Primary human bronchial epithelial cell culture for air–liquid interface (ALI)

Human bronchial epithelial cell culture kit (Catalog #: CC-2540S) was purchased from Lonza Bioscience (Walkersville, MD). Cells were re-initiated, seeded and maintained according to the company’s protocols. Briefly, cells were initially plated for expansion into in a 75 cm² tissue culture flask at 3500 cells/cm² and maintained in defined serum free Bronchial Epithelial Growth Medium supplemented with corresponding BulletKit™ (Lonza #: CC-3170). After expansion, cells were seeded on rat-tail collagen, 30.0 µg/ml (Corning-Costar, Cambridge MA #354236), coated trans-well plates (Corning-Costar #354236) at 50,000 cells/well and allowed to reach confluence. After confluence was achieved cells were “air lifted” (removal of all media,allowing direct air exposure) and the basal chamber media was changed to B-ALITM Differentiation Media (Lonza Catalog #00193517) supplemented with B-ALITM SingleQuots™ (Lonza Catalog #00193515). Media changes were made to basal chamber daily until treatments.

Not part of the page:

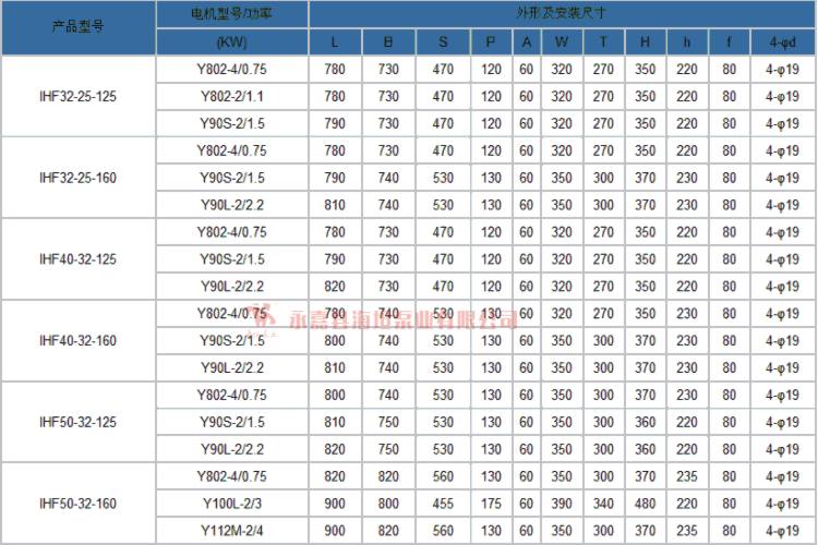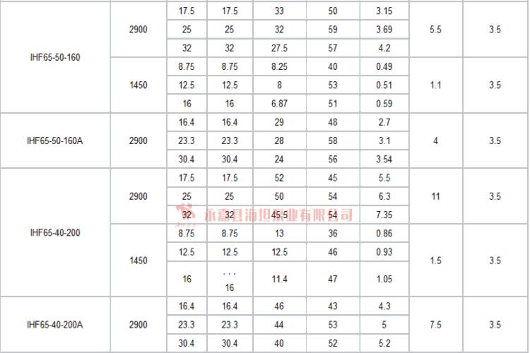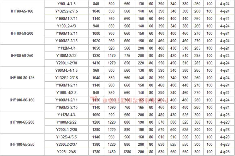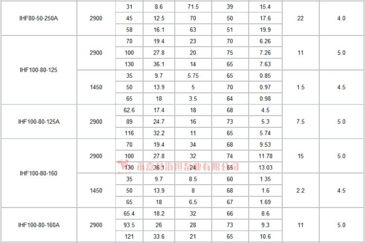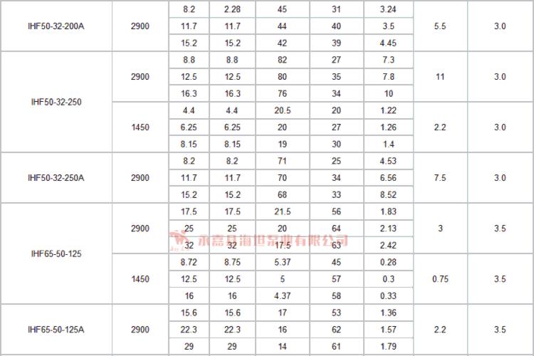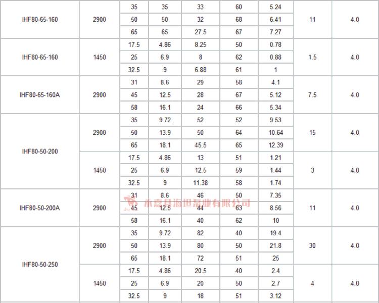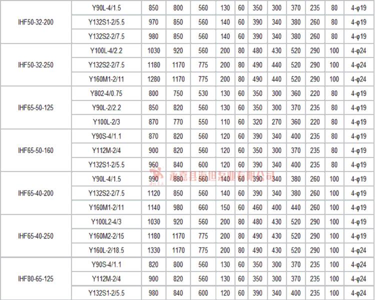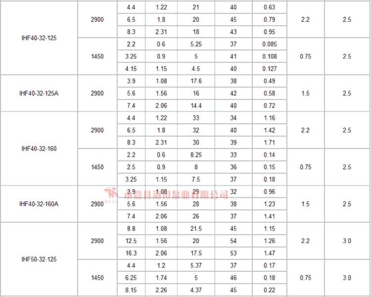 【IHF型衬氟塑料离心泵】技术参数:
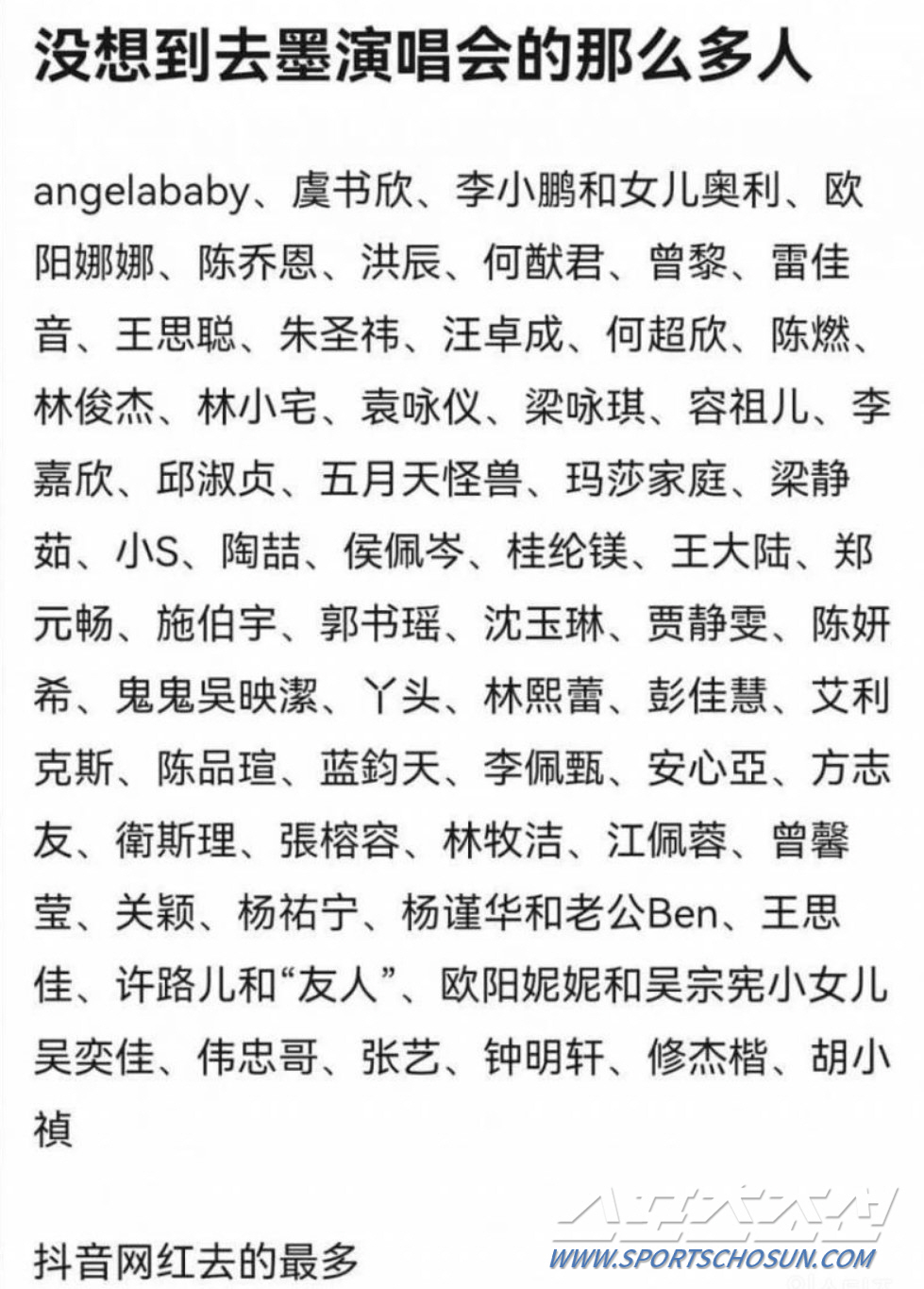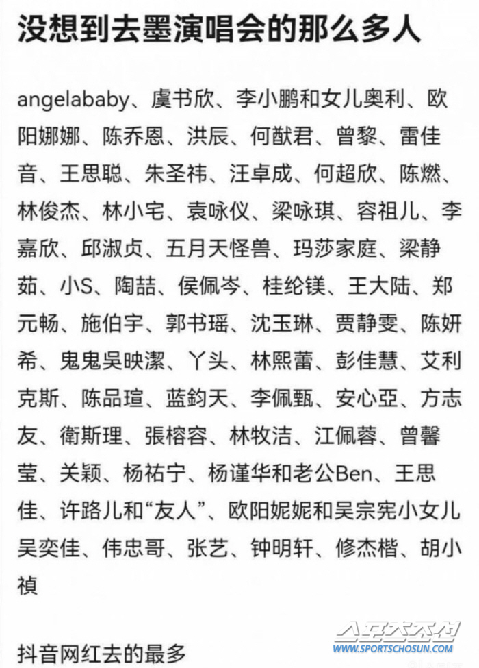 최근 중국 사회관계망서비스(SNS) 웨이보에는 블랙핑크 콘서트 현장을 찾은 중국 연예인, 인플루언서의 명단이 공개됐다.

When confluent, air-exposed ALI-HBECs were washed once with 150 µl PBS on the apical side of the transwell insert to clear mucus. Two hours later, the plates/cells were exposed to freshly generated CSE (see above). Cell exposure was conducted in a modified hypoxic chamber for 5 min to either cigarette smoke at a concentration of 186.7 mg/m³ (TSP) or to filtered ambient (“sham”) air. Immediately after, residual smoke (or sham air) was removed by ventilation with ambient air for 5 min and cells were subsequently placed back in the incubator overnight. At 24 h after cigarette smoke exposure, ALI-HBEC were washed apically with PBS and ready for SARS-CoV-2 infection.